Even though the world population has shifted from mainly rural to mainly urban in the last decade, there are still lots of folks like me who live in the sticks. Doing things like taking a yoga class becomes a different thing in our case from driving to the neighborhood gym. Since I live 40 miles from the nearest town large enough for yoga studios, when I decided to take a class, I was more interested in the schedule than I was the type of yoga. I couldn't afford to be picky if I preferred not to wait around for a couple hours after getting off work. So I looked in the phone book, and didn't pay attention to anything but the schedule. There it was: M-W-F at 4:00. Perfect. I don't know what rock I'd been living under, but the word "Bikram" writ large across the ad in the yellow pages didn't trigger the term 'hot yoga' in my mind, and that left me in for a big surprise.

I showed up with a comfy pair of sweatpants and a long- sleeved t-shirt. As the woman at the desk was giving me a little orientation information - explaining that the room was heated to about 100 degrees Fahrenheit - I realized that my concept of yoga clothes weren't going to work here. Apparently, I wasn't the first to make this error. Susie told me they had loaners. Now, it's been a while since the last time I wore hot-pants, so when she handed me the little scrap of shorts, I thought, "No way." She said, "Trust me, you'll fit right in."

As she continued with the orientation information, I began to feel I was being given a series of warnings. "We encourage our students not to push too hard during your first time in class. All we ask is that you do your best to stay in the room for the whole session." Huh? Was this yoga? I'd seen pictures, and I was pretty sure I wasn't going to be able to balance on one leg and hold the other one above my head on my first attempt - but I had also felt pretty sure I could stretch and bend for the next hour and half with out feeling desperate to run out of the room.

Her next suggestion: "OK, I see you brought a bottle of water. That's good, but you'll be tempted to drink a lot, and I recommend you just drink sips - not too much at a time." Hmm. What was I getting into here? It sounded like I was facing some kind of ordeal - not what I had in mind at all since I was thinking of yoga as a peaceful, low- impact way just to stretch and keep my aging body flexible and strong.

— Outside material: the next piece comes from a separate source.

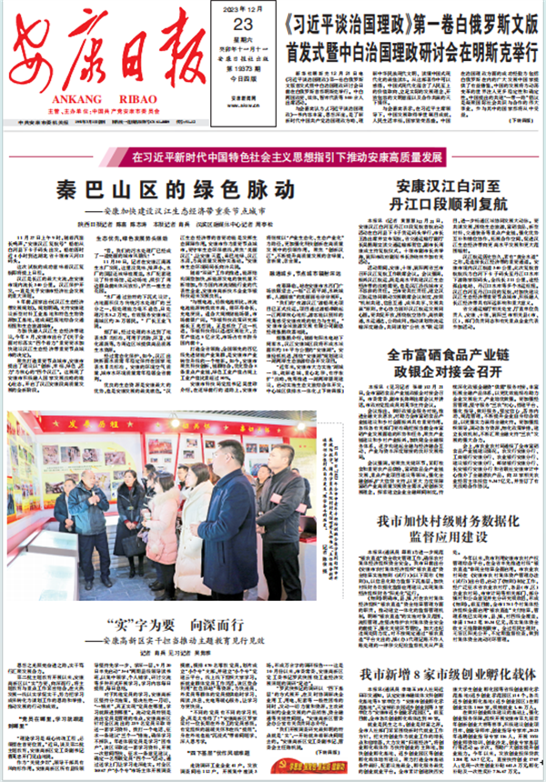 (2023年12月23日安康日?qǐng)?bào)01版陜西日?qǐng)?bào)、安康日?qǐng)?bào)、縣級(jí)融媒體中心記者三級(jí)聯(lián)動(dòng)《秦巴山區(qū)的綠色脈動(dòng)——安康加快建設(shè)漢江生態(tài)經(jīng)濟(jì)帶重要節(jié)點(diǎn)城市》)
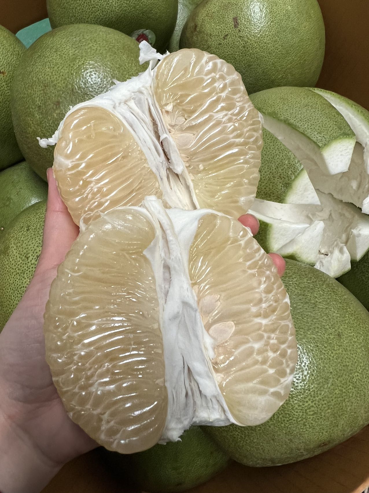 这种青柚最大的特点,味道清甜,果肉多汁,在嘴里能清晰的感到果肉的脆嫩滑爽又颗粒分明;一口咬下去果汁就会biubiu的喷开来,脆嫩嫩的果肉就像是一颗颗装满水的气球那样啪啪啪炸开。扎实而饱满,果香萦绕每个齿间,带着柚子特有的清苦,回味却甘甜。

Once I was dressed in the little bit of shorts, I opened the door to the yoga studio and was met with a rush of hot, stultifying air. Oh goody. I walked to an open space, spread my mat, lay on my back, and understood exactly what she meant by asking me to at least stay in the room. I was already dripping sweat, and we hadn't even begun the class.

After an hour and a half and going twice through the 26 postures, I was indeed still in the studio. The instructor had created a non-competitive and supportive experience, completely guiding us to go to our personal limit, yet not by engaging in struggle. I was exhilarated. When class was done, I lay on my mat with my eyes closed. I felt peaceful and yet energized in the still very hot room, and I knew I'd be back for more.